# Dish requirements



## harryjaswal (May 24, 2012)

Can anybody tell me what type of dish I need to get strong signal from satellite ST1 ku band....


----------



## Davenlr (Sep 16, 2006)

What is ST1? Orbital Location?

Here is a list of America visible satellites. I dont see ST1.

http://www.lyngsat.com/america.html


----------



## harryjaswal (May 24, 2012)

It's ST1 @ 88 degree east and m in Australia( Melbourne)


----------



## Davenlr (Sep 16, 2006)

OK. St1 only covers the very northern boarder of Austrailia. You are WAY out of the footprint. Doubt you will be able to get it.

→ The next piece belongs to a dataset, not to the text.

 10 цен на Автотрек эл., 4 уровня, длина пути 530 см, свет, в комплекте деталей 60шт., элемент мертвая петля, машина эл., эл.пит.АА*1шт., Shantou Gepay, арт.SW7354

Here is a website. Click on FOOTPRINT, arrow the pointer over to 88E, and click on ST1.
It will give you a footprint map.

http://www.satbeams.com/footprints


----------



## harryjaswal (May 24, 2012)

It is outside the foot prints but it shows a green line to where I lives,
Is that means I still can receive signal????
If you can help please. I don't no much about it....
What about if I use bigger dish like 2.3 or 3 meter one???


----------



## Davenlr (Sep 16, 2006)

Generally, if it is outside the footprint, (and you are WAY outside), you wont be able to get it. The line is simply showing you can see they satellite in the sky, but that will not do you any good if the satellite is pointing the signal the other way.

I can see the South American satellites, but even with a 3 meter dish, I get no signal from them. It would be like trying to see the beam of a flashlight during the day. If you point it right at you, you can see the light, but if its pointed away, the daylight (noise in the case of a satellite) will keep you from seeing the beam.

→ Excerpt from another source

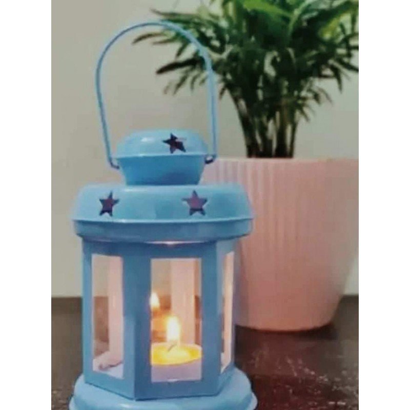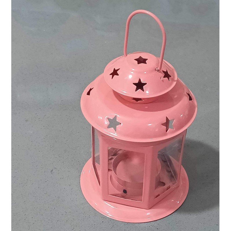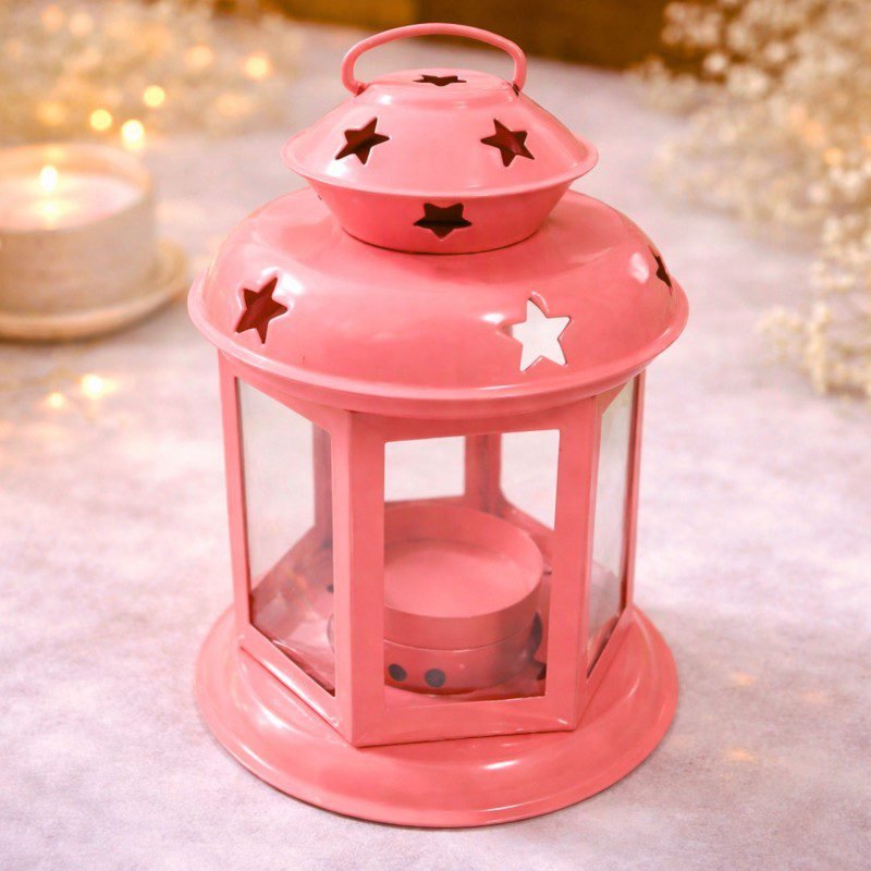لفانوس مزين بنجوم على سطحه ويحتوي على شمعة داخله، مما يضيف إليه إضاءة وجو دافئ وجذاب. الفانوس موضوع على طاولة بيضاء مستديرة ذات زخارف معدنية مميزة، ومن حوله نباتات خضراء إضافة إلى عناصر ديكورية أخرى. الإضاءة الخافتة للشمعة داخل الفانوس تعطي إحساسًا بالهدوء والراحة. هذا الفانوس المعدني الأحمر يمكن أن يضيف لمسة جمالية وجو دافئ إلى أي مكان يتم وضعه فيه.

That is how American satellites can use the same frequency to send signals to 6 or 8 different cities at the same time, since the people in one city will only see the beam pointed at them, and not be able to see the other ones.


----------



## harryjaswal (May 24, 2012)

Thanx for your help,
If u can guide me with the whole thing that he great.
I can't use ST1 as u said but what about MEASAT 3 @91.5 east, NSS 6 @ 95 east, SES7 @ 108.2 east or INSAT 4A @ 83 east.


----------



## Davenlr (Sep 16, 2006)

You can use any satellite that has the colored footprint area covering your town.
The darker the color (center of the footprint) the smaller dish you will need. If you are on the last band, you may need up to about a 3 or 4 meter dish for C band, or 1.2M to 3M for Ku. That is assuming the channels you want to watch are not scrambled, and your receiver is capable of picking up the format of the signal they are sending out.

A standard definition receiver will not pick up an High Definition station for example, a Pal receiver may have problems with Secam transmissions. It all depends on the equipment. 

I would suggest finding a satellite dealer in your town, who would have much much better information for you than I could give you here on the other side of the planet, as I am not familiar with any of your satellites down there.


----------



## Davenlr (Sep 16, 2006)

Here is a list of satellites you may be able to get, along with the dish size needed:
http://www.satplus.com.au/files/satellite_fta_list.pdf


----------



## harryjaswal (May 24, 2012)

Thanx for your help,
Really Appriciate it mate...have a good one


----------